Retype all of the data word for word, without pictures.

- **DATA PROVIDED**
------
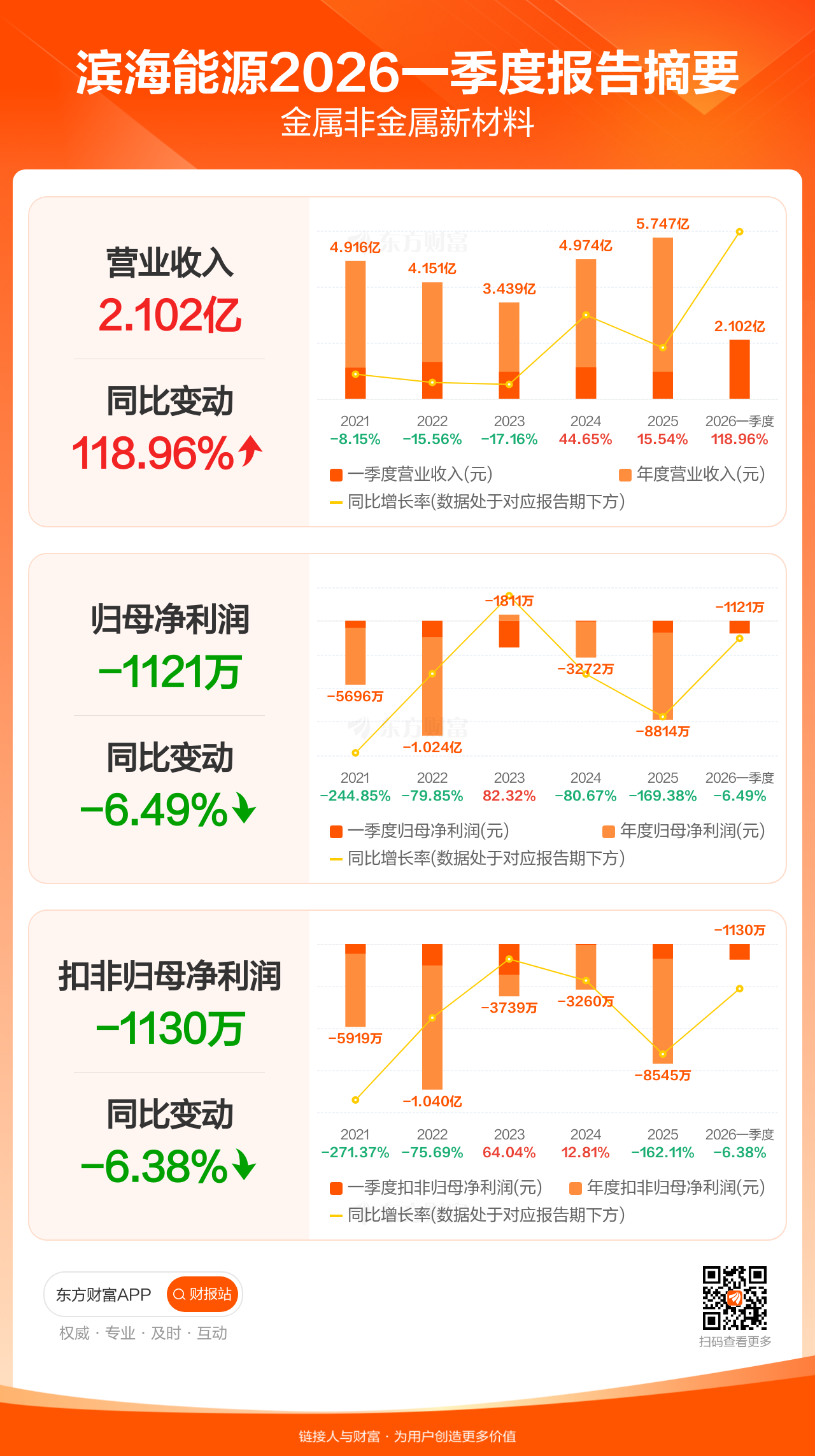 滨海能源4月29日发布2026年一季报显示,公司一季度实现营业收入2.10亿元,同比增长118.96%;归母净利润-1121.10万元;扣非归母净利润-1130.25万元。
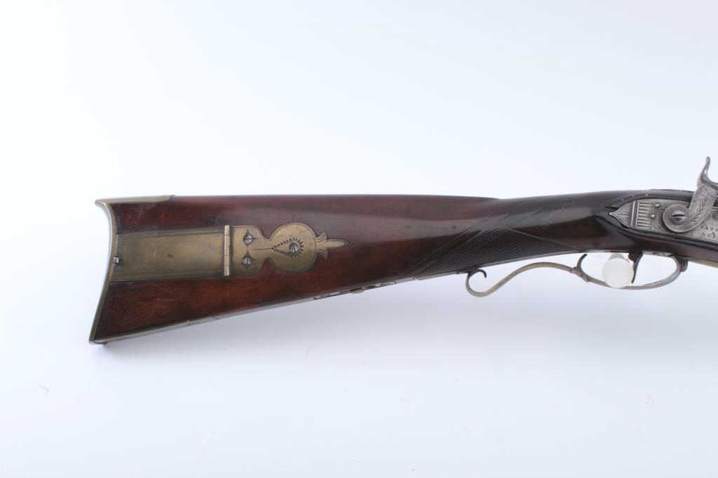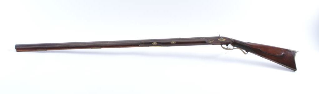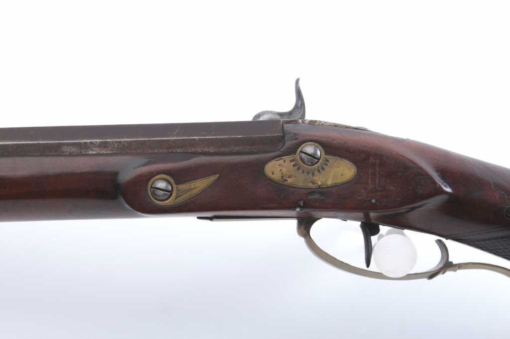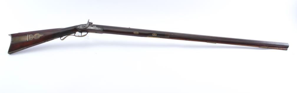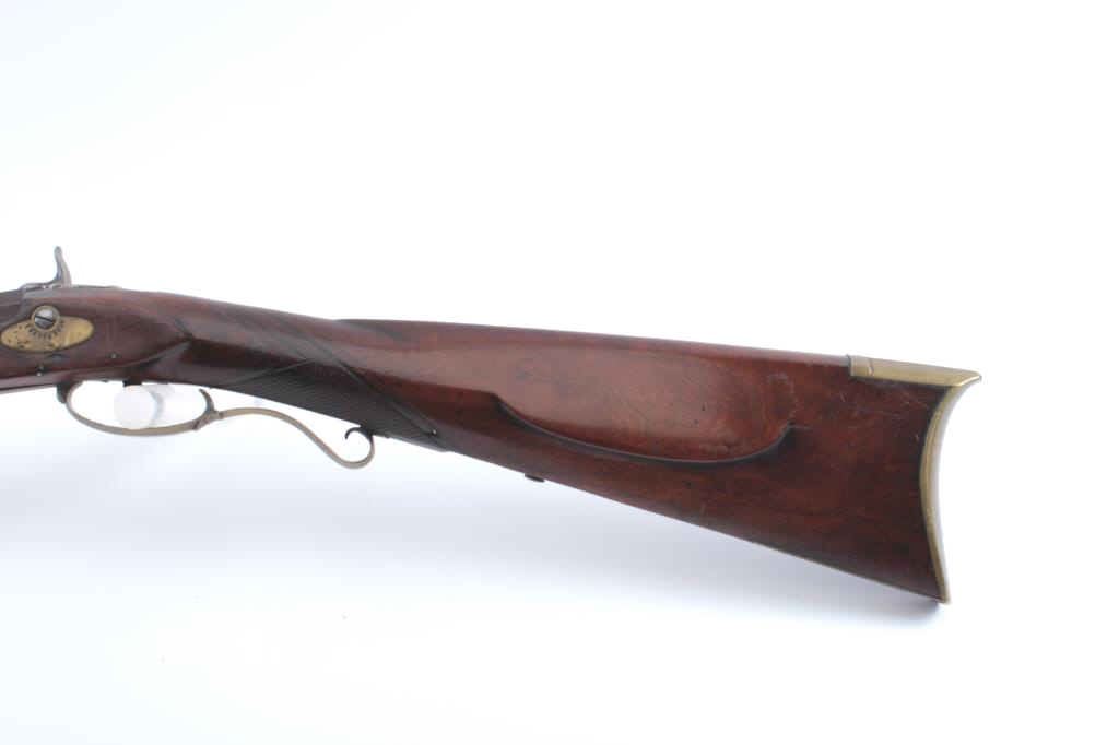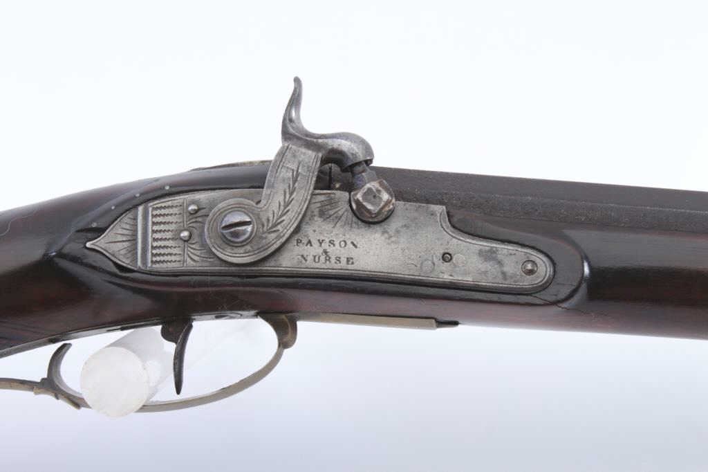 New England Flintlock rifle converted to percussion and stock reduced to half stock with lock marked "Payson & Nurse". Brass New England style patch box with wide butt and brass mounts. Measures 58" overall with a 41" octagon barrel of approximately .56-.58 caliber rifled. Interesting cap box with sliding door mounted behind trigger guard in belly of stock lightly checkered at the wrist and double barrel keys with wood rib beneath barrel. Very good plus condition with considerable brown and most original finish on the stock. A very nice New England rifle that probably went west. Note: Small wood repair on top rear of lock area where as apiece of splintered off wood nailed back. (Antique) Est.: $1250-$2500
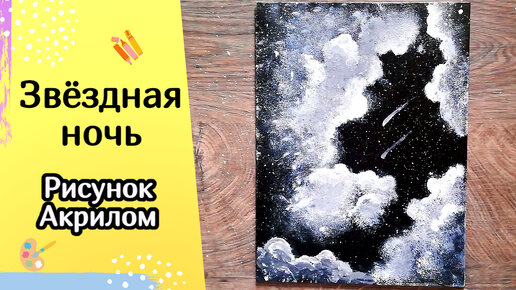 ЗВЁЗДНАЯ НОЧЬ | Рисуем кухонной губкой космос, облака и звёзды
------
- **YOUR SOLUTION**
 滨海能源4月29日发布2026年一季报显示,公司一季度实现营业收入2.10亿元,同比增长118.96%;归母净利润-1121.10万元;扣非归母净利润-1130.25万元。
 New England Flintlock rifle converted to percussion and stock reduced to half stock with lock marked "Payson & Nurse". Brass New England style patch box with wide butt and brass mounts. Measures 58" overall with a 41" octagon barrel of approximately .56-.58 caliber rifled. Interesting cap box with sliding door mounted behind trigger guard in belly of stock lightly checkered at the wrist and double barrel keys with wood rib beneath barrel. Very good plus condition with considerable brown and most original finish on the stock. A very nice New England rifle that probably went west. Note: Small wood repair on top rear of lock area where as apiece of splintered off wood nailed back. (Antique) Est.: $1250-$2500
 ЗВЁЗДНАЯ НОЧЬ | Рисуем кухонной губкой космос, облака и звёзды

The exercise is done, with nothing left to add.